Top of Input records

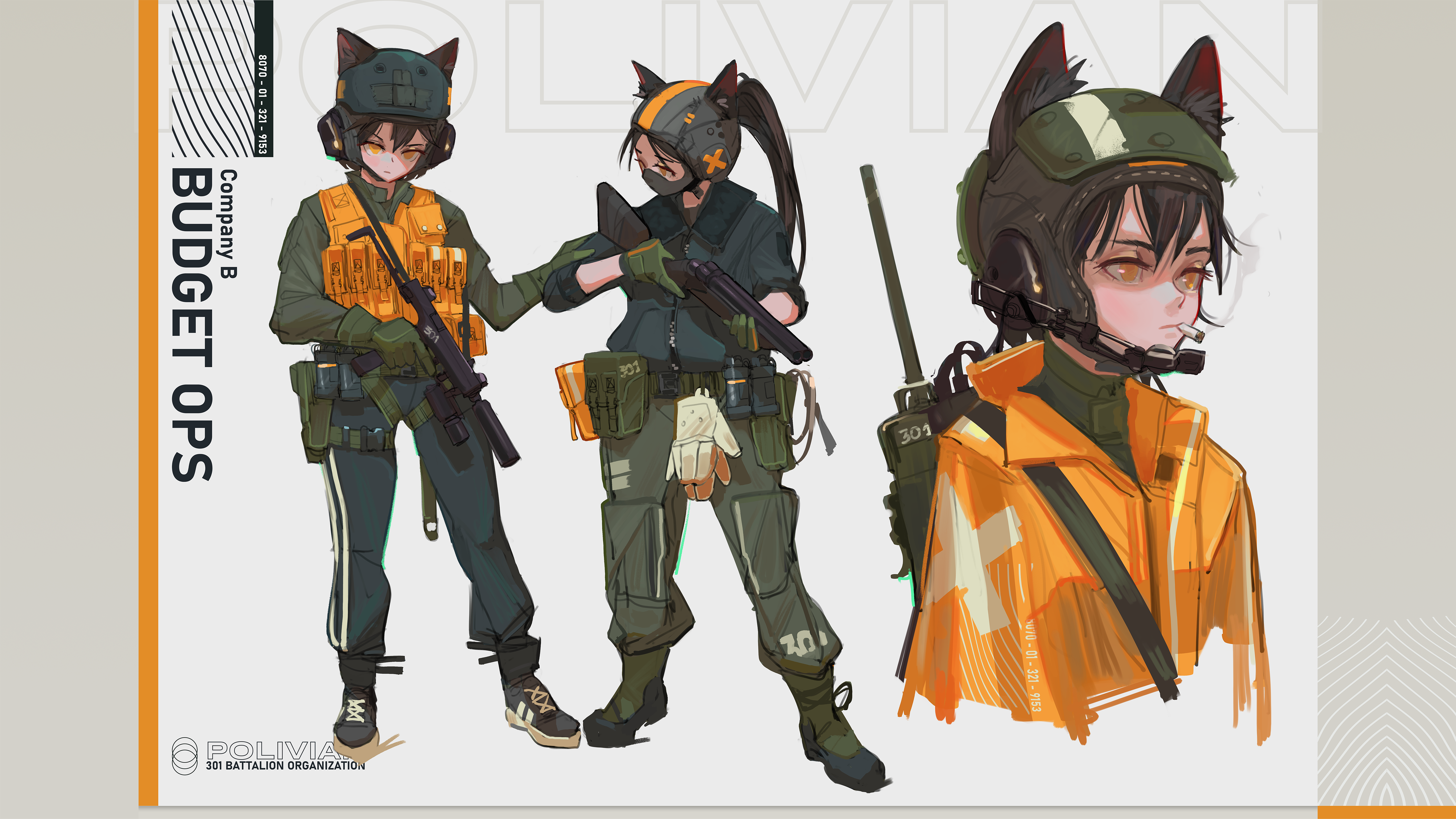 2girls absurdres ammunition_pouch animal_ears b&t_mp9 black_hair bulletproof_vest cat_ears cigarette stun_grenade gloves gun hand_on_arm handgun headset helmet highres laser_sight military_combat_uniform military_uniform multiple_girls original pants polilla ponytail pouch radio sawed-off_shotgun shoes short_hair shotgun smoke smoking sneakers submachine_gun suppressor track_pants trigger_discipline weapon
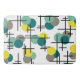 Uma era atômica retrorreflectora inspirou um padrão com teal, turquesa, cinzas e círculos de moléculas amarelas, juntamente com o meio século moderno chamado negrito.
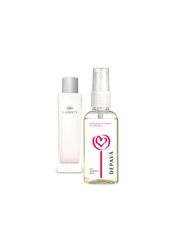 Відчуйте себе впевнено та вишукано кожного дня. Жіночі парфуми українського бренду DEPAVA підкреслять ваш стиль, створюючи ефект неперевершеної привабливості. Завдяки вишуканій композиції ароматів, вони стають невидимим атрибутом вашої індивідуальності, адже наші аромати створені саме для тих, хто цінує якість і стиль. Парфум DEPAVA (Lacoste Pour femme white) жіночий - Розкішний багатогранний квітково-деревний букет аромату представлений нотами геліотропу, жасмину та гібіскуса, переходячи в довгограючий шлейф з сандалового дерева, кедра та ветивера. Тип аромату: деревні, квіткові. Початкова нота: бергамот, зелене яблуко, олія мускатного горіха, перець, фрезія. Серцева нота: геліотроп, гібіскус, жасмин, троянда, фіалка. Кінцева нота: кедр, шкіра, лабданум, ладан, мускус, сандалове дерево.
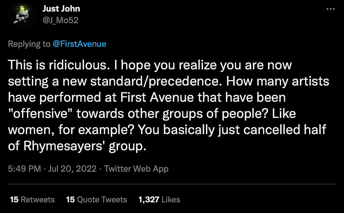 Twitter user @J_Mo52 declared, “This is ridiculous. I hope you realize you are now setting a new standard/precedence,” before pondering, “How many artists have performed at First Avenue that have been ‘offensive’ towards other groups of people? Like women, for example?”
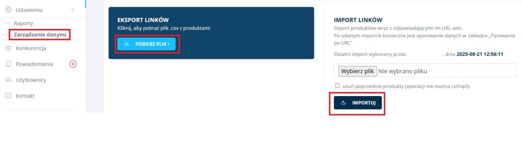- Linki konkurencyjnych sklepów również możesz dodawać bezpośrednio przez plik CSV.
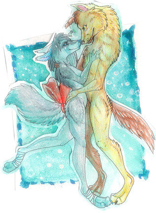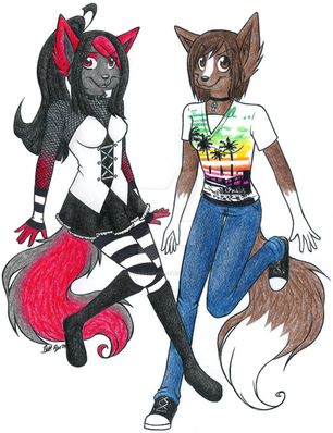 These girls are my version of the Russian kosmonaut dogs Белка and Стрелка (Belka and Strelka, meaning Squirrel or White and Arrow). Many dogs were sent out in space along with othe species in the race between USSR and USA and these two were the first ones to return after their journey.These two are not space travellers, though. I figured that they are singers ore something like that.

Bottom of Input records

Exercise prompt
Copy out the entries exactly. No pictures.

Result for this exercise
 2girls absurdres ammunition_pouch animal_ears b&t_mp9 black_hair bulletproof_vest cat_ears cigarette stun_grenade gloves gun hand_on_arm handgun headset helmet highres laser_sight military_combat_uniform military_uniform multiple_girls original pants polilla ponytail pouch radio sawed-off_shotgun shoes short_hair shotgun smoke smoking sneakers submachine_gun suppressor track_pants trigger_discipline weapon
 Uma era atômica retrorreflectora inspirou um padrão com teal, turquesa, cinzas e círculos de moléculas amarelas, juntamente com o meio século moderno chamado negrito.
 Відчуйте себе впевнено та вишукано кожного дня. Жіночі парфуми українського бренду DEPAVA підкреслять ваш стиль, створюючи ефект неперевершеної привабливості. Завдяки вишуканій композиції ароматів, вони стають невидимим атрибутом вашої індивідуальності, адже наші аромати створені саме для тих, хто цінує якість і стиль. Парфум DEPAVA (Lacoste Pour femme white) жіночий - Розкішний багатогранний квітково-деревний букет аромату представлений нотами геліотропу, жасмину та гібіскуса, переходячи в довгограючий шлейф з сандалового дерева, кедра та ветивера. Тип аромату: деревні, квіткові. Початкова нота: бергамот, зелене яблуко, олія мускатного горіха, перець, фрезія. Серцева нота: геліотроп, гібіскус, жасмин, троянда, фіалка. Кінцева нота: кедр, шкіра, лабданум, ладан, мускус, сандалове дерево.
 Twitter user @J_Mo52 declared, “This is ridiculous. I hope you realize you are now setting a new standard/precedence,” before pondering, “How many artists have performed at First Avenue that have been ‘offensive’ towards other groups of people? Like women, for example?”
- Linki konkurencyjnych sklepów również możesz dodawać bezpośrednio przez plik CSV.
 These girls are my version of the Russian kosmonaut dogs Белка and Стрелка (Belka and Strelka, meaning Squirrel or White and Arrow). Many dogs were sent out in space along with othe species in the race between USSR and USA and these two were the first ones to return after their journey.These two are not space travellers, though. I figured that they are singers ore something like that.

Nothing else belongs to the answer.